Safety guidelines for TMS delivery suggest screening participants for consumption of alcohol and drugs that lower seizure thresholds [4]. However, there are no official guidelines regarding the screening of other common, recreational substances including cannabis, nicotine and caffeine. At present, it is unclear whether or how short-and long-term use of these substances are capable of inducing changes in neuronal excitability that is reflected in TMS measures or their variability. In this review, we consider research investigating acute and chronic use of recreational substances on TMS outcome measures for the purpose of identifying knowledge gaps that, if filled, may lead to new guidelines to improve the reliability and safety of TMS research. In this review, our use of the term “chronic use” refers to those with current or previous addiction or substance abuse. The review focuses on recreational substance use of alcohol, cannabis, caffeine and nicotine, and their impact on measures of corticospinal and cortical excitability.
2. Methods
A literature search was conducted using PubMed and EMBASE electronic databases from 1980 through August 2020. Separate searches were conducted for each substance of alcohol, cannabis, nicotine, and caffeine. The following search terms were used:
(transcranial magnetic stimulation) AND ((alcohol) or (alcoholism) or (ethanol));
(transcranial magnetic stimulation) AND ((nicotine) or (tobacco));
(transcranial magnetic stimulation) AND (caffeine);
(transcranial magnetic stimulation) AND ((cannabis) or (THC) or (marijuana)).

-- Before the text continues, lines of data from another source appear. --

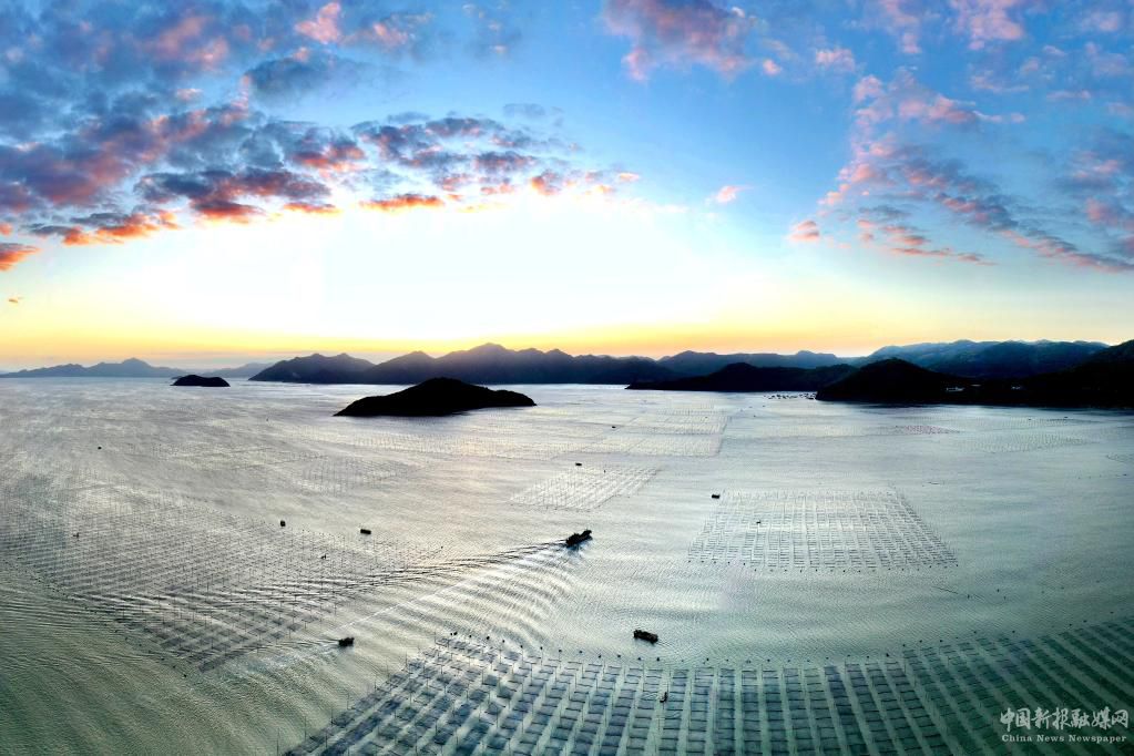 傍晚時分,漁船行駛在霞浦縣三沙鎮(zhèn)海上養(yǎng)殖區(qū)。新華社記者 姜克紅 攝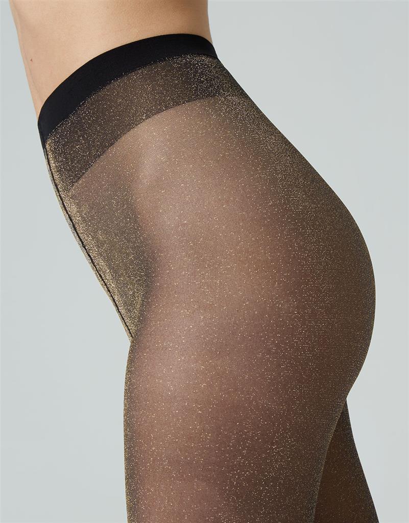 Elegantne Lurex-efektiga sukkpüksid, puuvillase sisetükiga, tugevdatud varbaosadega, lamedate õmblustega, 25 den.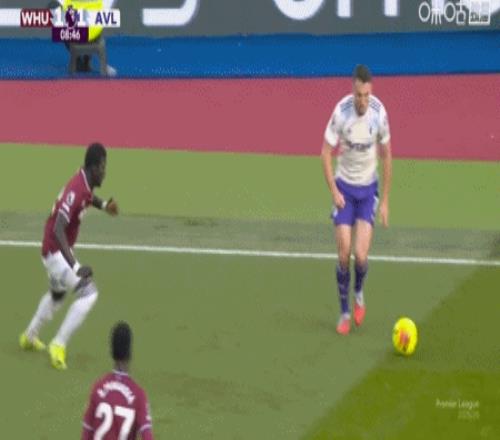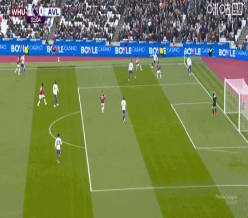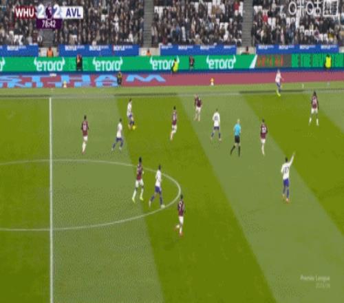 第24分钟,波茨助攻,鲍恩门前点射破门,西汉姆联2-1维拉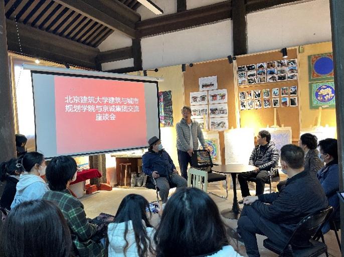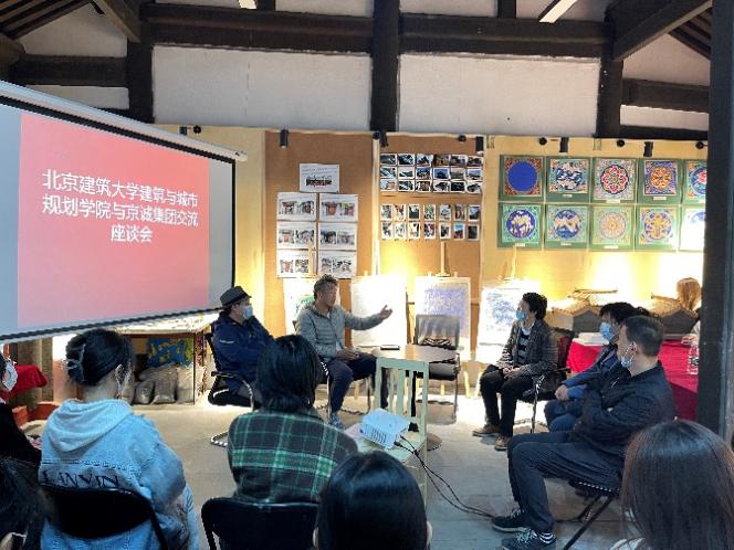 2022年11月4日下午,威廉希尔体育建筑与规划学院的李春青副经理、历史建筑保护系副系主任杨一帆、马全宝老师带领历建21级本科生和部分建筑遗产保护和建筑学研究生,参观了历史建筑同兴和木器店修缮工程和北京京诚集团有限责任公司的建筑技艺工匠培训基地——工匠营,并与京诚集团王永久副总经理、工匠营负责人武冠利、北京北建大建筑设计研究院有限公司经理助理倪越进行了座谈。

Inclusion/Exclusion Criteria
Selected studies were required to meet the following inclusion criteria:
Studies assessed one or more of the following TMS measures: motor-evoked potential (MEP), resting motor threshold (RMT), active motor threshold (AMT), short-interval intracortical inhibition (SICI), intracortical facilitation (ICF), short-interval intracortical facilitation (SICF), long-interval intracortical inhibition (LICI), interhemispheric inhibition (IHI), short-latency afferent inhibition (SAI), long-latency afferent inhibition (LAI), cortical silent period (CSP), ipsilateral silent period (iSP), or TMS-evoked electroencephalography (EEG) potentials.
Primary research articles (i.e., original research) only.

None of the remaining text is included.